PROVIDED INFORMATION:
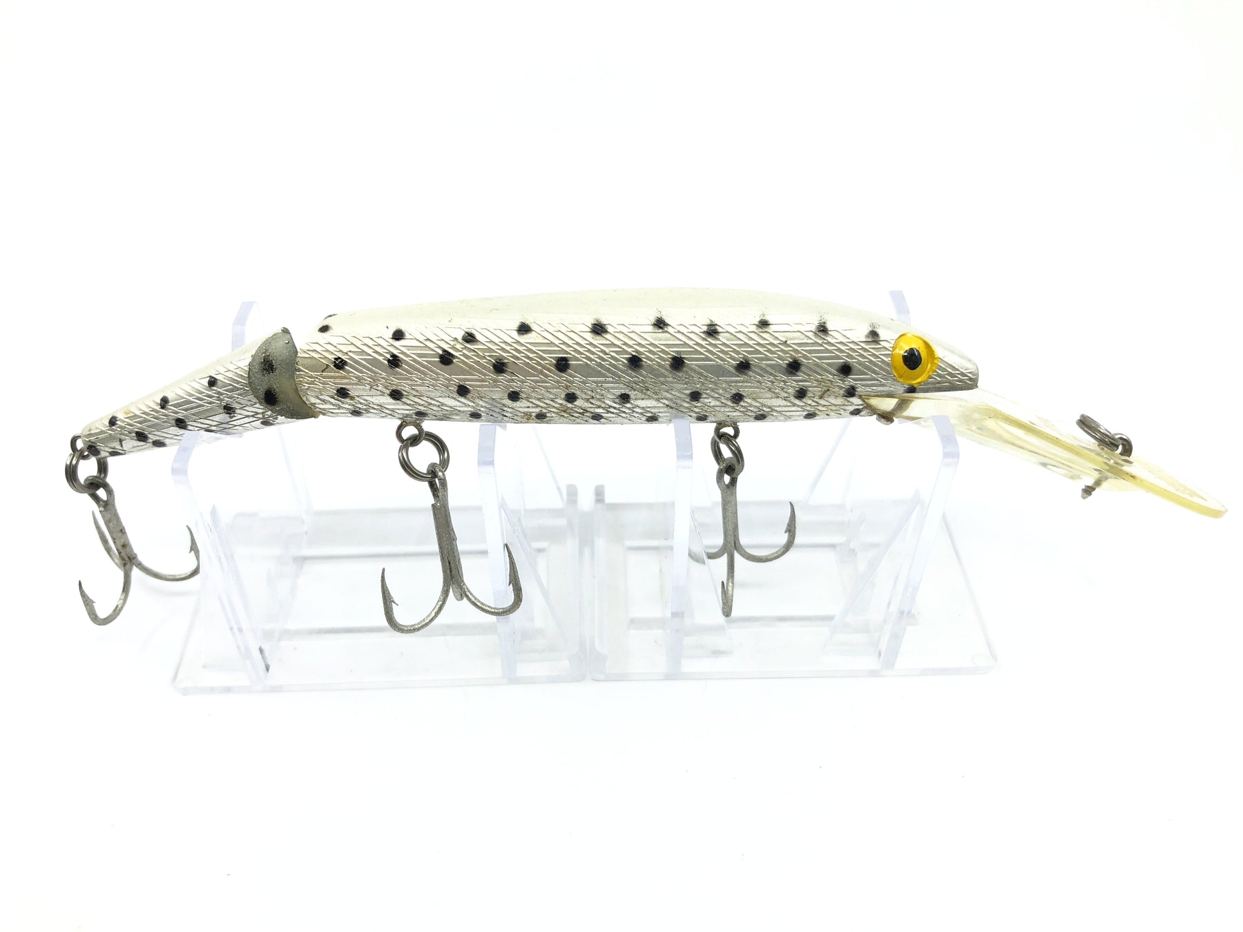 Vintage Rebel Spoonbill Jointed Minnow Polka Dot Pattern.  About 5.5" body excluding lip.  Used but good condition, see photos.  Beautiful baits great for fishing and becoming very collectible.  Nice color.
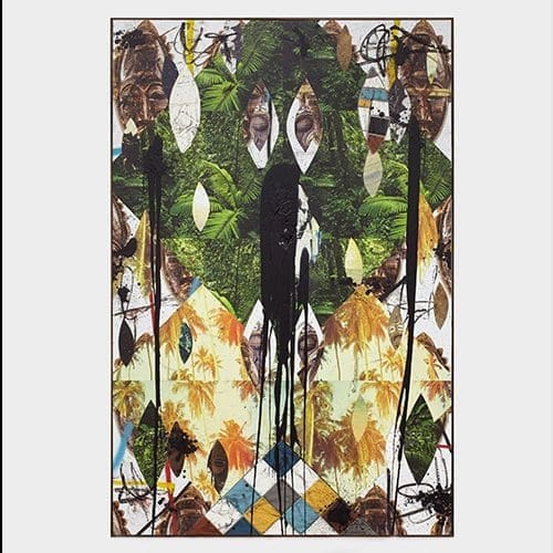 Untitled Escape Collage by Rashid Johnson is constructed using ceramic tile, mirror tile, red oak flooring, vinyl, spray enamel, oil stick, black soap and wax, mounted to board. It was executed in 2018 and signed “Rashid Johnson” on the reverse. It is estimated to fetch between 185,000 and 225,000 dollars.
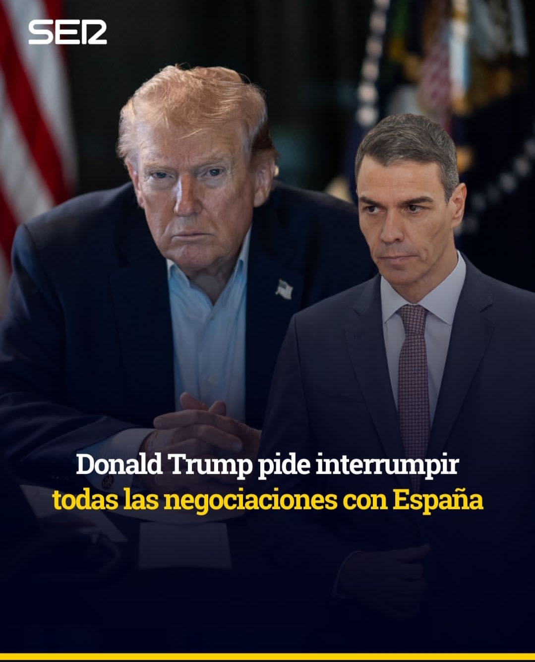 En el Salón Oval, durante una reunión con el canciller alemán Friedrich Merz, Trump aseguró que la tensión con Madrid se originó cuando, según su versión, los países europeos accedieron a pedido suyo a elevar el gasto en defensa al 5 % del PBI (Producto Bruto Interno), entre ellos Alemania, algo que —afirmó— España rechazó. «Fueron el único país de la OTAN que no aceptó subir al cinco por ciento. Querían mantenerse en el dos por ciento, y ni siquiera pagan ese dos por ciento», sostuvo.
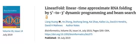 本次可大大加快 RNA 结构预测速度的LinearFold算法,百度于2019年7月首次提出。该算法使得整序列、整基因组的 RNA 结构预测成为可能,也是 RNA 结构预测领域 40 年来第一次重大提速。这项工作发表于生物信息学顶级会议 ISMB 2019 和生物信息学权威杂志 Bioinformatics,受到了诸多业内专家的高度评价。
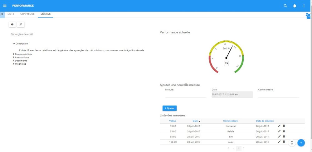 Les utilisateurs peuvent entrer des données de mesure de performance. Cela fournit aux utilisateurs une sortie pour signaler les paramètres clés qui, à leur tour, peuvent être surveillés et suivis dans le cadre d’EPC. Le fait de transférer des mesures de performance au sein d’EPC permet aux gestionnaires de surveiller les informations spécifiques au rendement qui peuvent être corroborées avec d’autres sources.
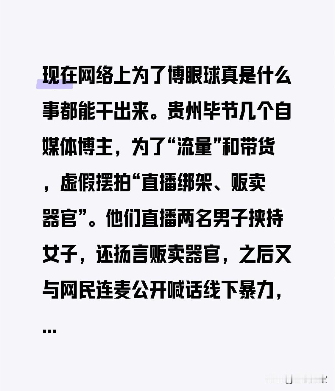 现在网络上为了博眼球真是什么事都能干出来。贵州毕节几个自媒体博主,为了“流量”和

INSTRUCTIONS TO FOLLOW: Could you repeat the data exactly, omitting its pictures?

WRITTEN ANSWER:
 Vintage Rebel Spoonbill Jointed Minnow Polka Dot Pattern.  About 5.5" body excluding lip.  Used but good condition, see photos.  Beautiful baits great for fishing and becoming very collectible.  Nice color.
 Untitled Escape Collage by Rashid Johnson is constructed using ceramic tile, mirror tile, red oak flooring, vinyl, spray enamel, oil stick, black soap and wax, mounted to board. It was executed in 2018 and signed “Rashid Johnson” on the reverse. It is estimated to fetch between 185,000 and 225,000 dollars.
 En el Salón Oval, durante una reunión con el canciller alemán Friedrich Merz, Trump aseguró que la tensión con Madrid se originó cuando, según su versión, los países europeos accedieron a pedido suyo a elevar el gasto en defensa al 5 % del PBI (Producto Bruto Interno), entre ellos Alemania, algo que —afirmó— España rechazó. «Fueron el único país de la OTAN que no aceptó subir al cinco por ciento. Querían mantenerse en el dos por ciento, y ni siquiera pagan ese dos por ciento», sostuvo.
 本次可大大加快 RNA 结构预测速度的LinearFold算法,百度于2019年7月首次提出。该算法使得整序列、整基因组的 RNA 结构预测成为可能,也是 RNA 结构预测领域 40 年来第一次重大提速。这项工作发表于生物信息学顶级会议 ISMB 2019 和生物信息学权威杂志 Bioinformatics,受到了诸多业内专家的高度评价。
 Les utilisateurs peuvent entrer des données de mesure de performance. Cela fournit aux utilisateurs une sortie pour signaler les paramètres clés qui, à leur tour, peuvent être surveillés et suivis dans le cadre d’EPC. Le fait de transférer des mesures de performance au sein d’EPC permet aux gestionnaires de surveiller les informations spécifiques au rendement qui peuvent être corroborées avec d’autres sources.
 现在网络上为了博眼球真是什么事都能干出来。贵州毕节几个自媒体博主,为了“流量”和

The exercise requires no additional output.